• Your assignment:
When you copy from the entries that follow, take only the lines from the one with "3年生がグループに分かれて話し合っています。" down to the one with "The vets were", keeping both ends and dropping every picture.

• Provided information:
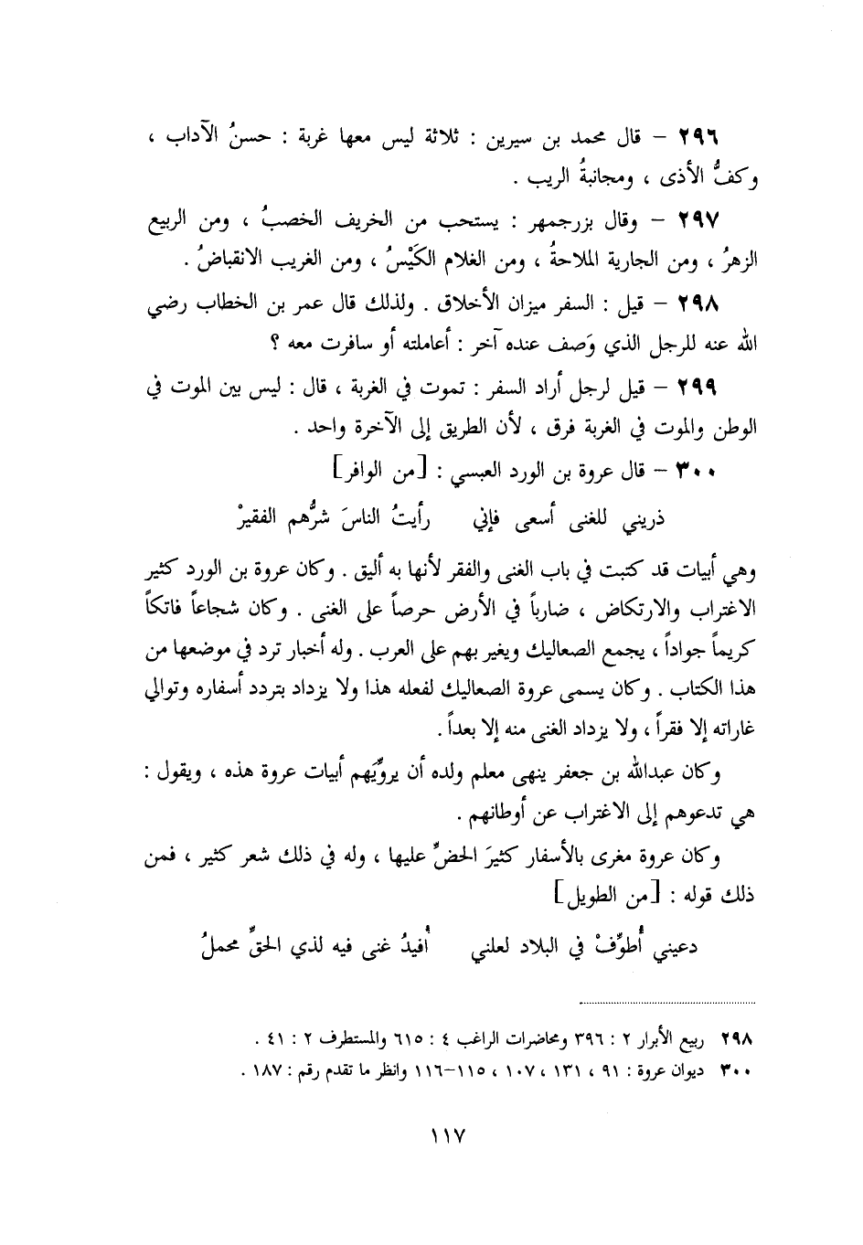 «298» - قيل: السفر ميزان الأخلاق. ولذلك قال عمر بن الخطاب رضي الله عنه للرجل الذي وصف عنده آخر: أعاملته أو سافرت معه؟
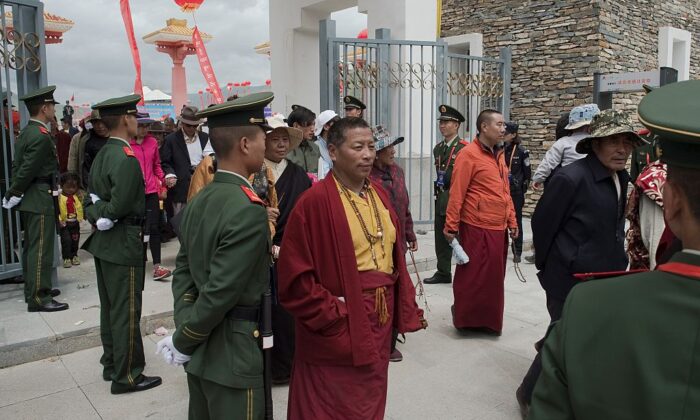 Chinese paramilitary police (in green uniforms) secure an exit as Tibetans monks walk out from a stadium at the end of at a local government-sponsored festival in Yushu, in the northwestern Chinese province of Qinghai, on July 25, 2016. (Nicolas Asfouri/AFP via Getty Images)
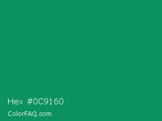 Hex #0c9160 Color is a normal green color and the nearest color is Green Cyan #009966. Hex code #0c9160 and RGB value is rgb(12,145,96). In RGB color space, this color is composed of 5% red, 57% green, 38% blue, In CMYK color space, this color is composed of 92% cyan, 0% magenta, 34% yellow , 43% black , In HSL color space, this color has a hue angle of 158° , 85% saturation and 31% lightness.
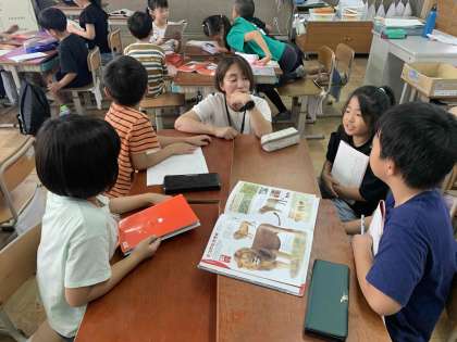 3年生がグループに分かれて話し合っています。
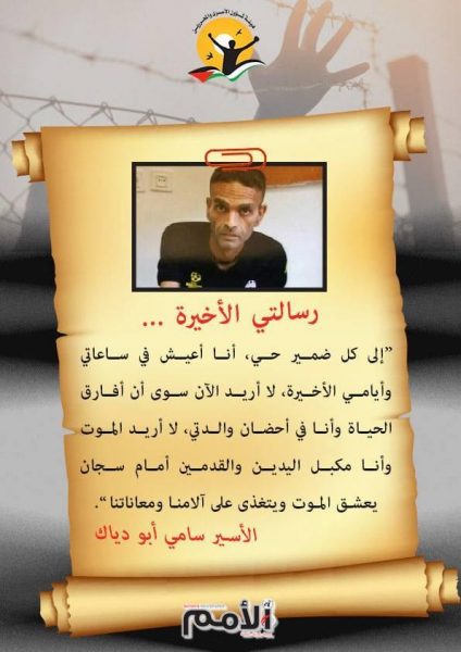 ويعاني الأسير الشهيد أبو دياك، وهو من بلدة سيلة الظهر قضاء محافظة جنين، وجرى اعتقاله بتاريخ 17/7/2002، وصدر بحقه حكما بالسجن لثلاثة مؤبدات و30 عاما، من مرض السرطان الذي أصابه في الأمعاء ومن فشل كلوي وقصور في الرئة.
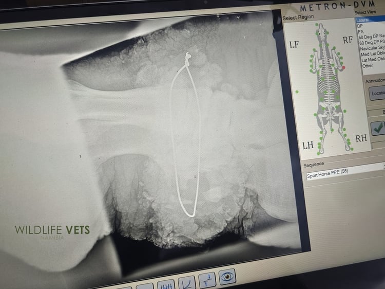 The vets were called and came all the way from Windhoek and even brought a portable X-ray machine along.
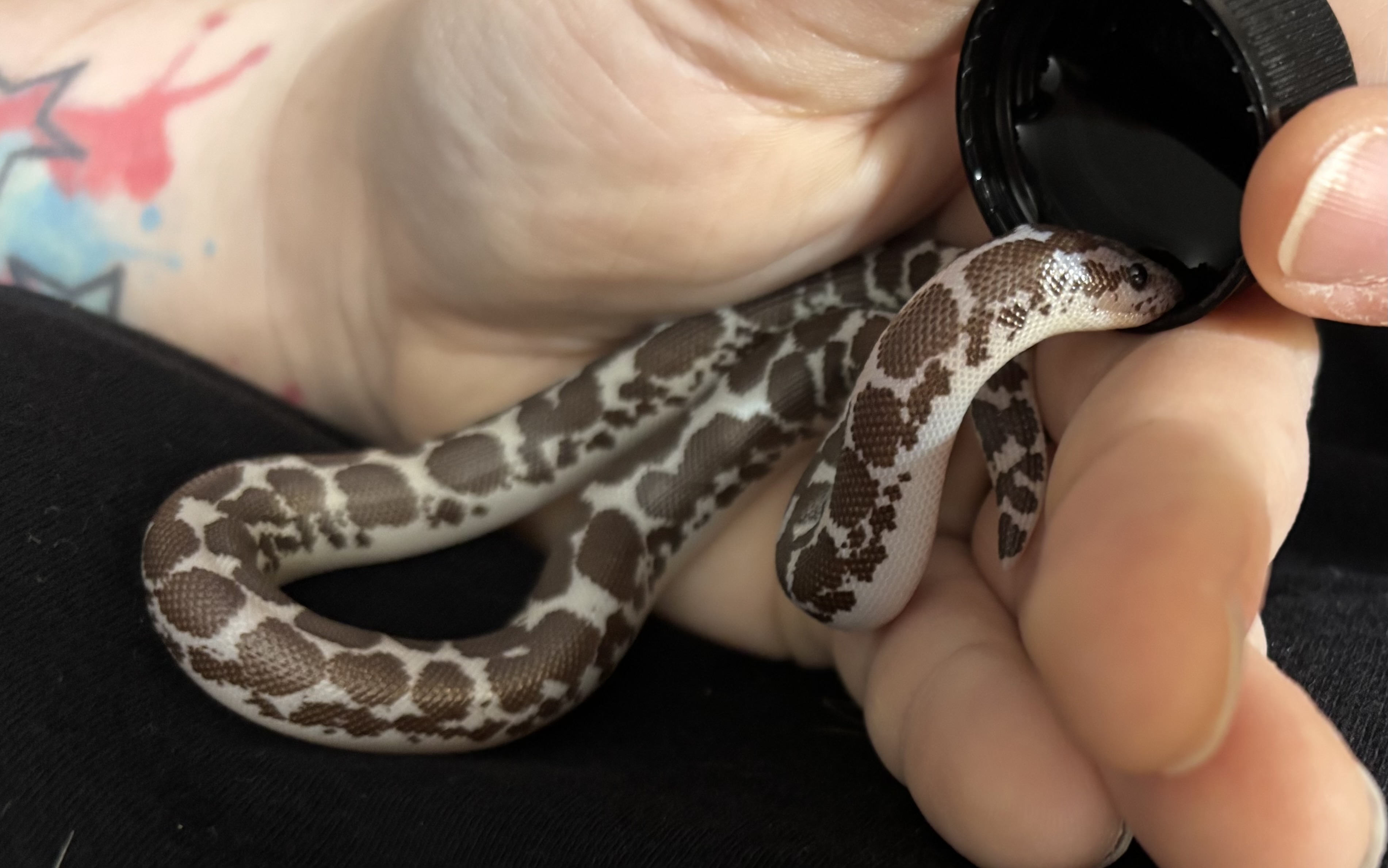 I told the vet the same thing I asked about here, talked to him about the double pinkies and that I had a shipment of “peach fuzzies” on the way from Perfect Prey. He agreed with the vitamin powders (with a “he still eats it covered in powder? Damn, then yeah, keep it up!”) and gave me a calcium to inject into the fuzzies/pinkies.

• Completed task:
 3年生がグループに分かれて話し合っています。
 ويعاني الأسير الشهيد أبو دياك، وهو من بلدة سيلة الظهر قضاء محافظة جنين، وجرى اعتقاله بتاريخ 17/7/2002، وصدر بحقه حكما بالسجن لثلاثة مؤبدات و30 عاما، من مرض السرطان الذي أصابه في الأمعاء ومن فشل كلوي وقصور في الرئة.
 The vets were called and came all the way from Windhoek and even brought a portable X-ray machine along.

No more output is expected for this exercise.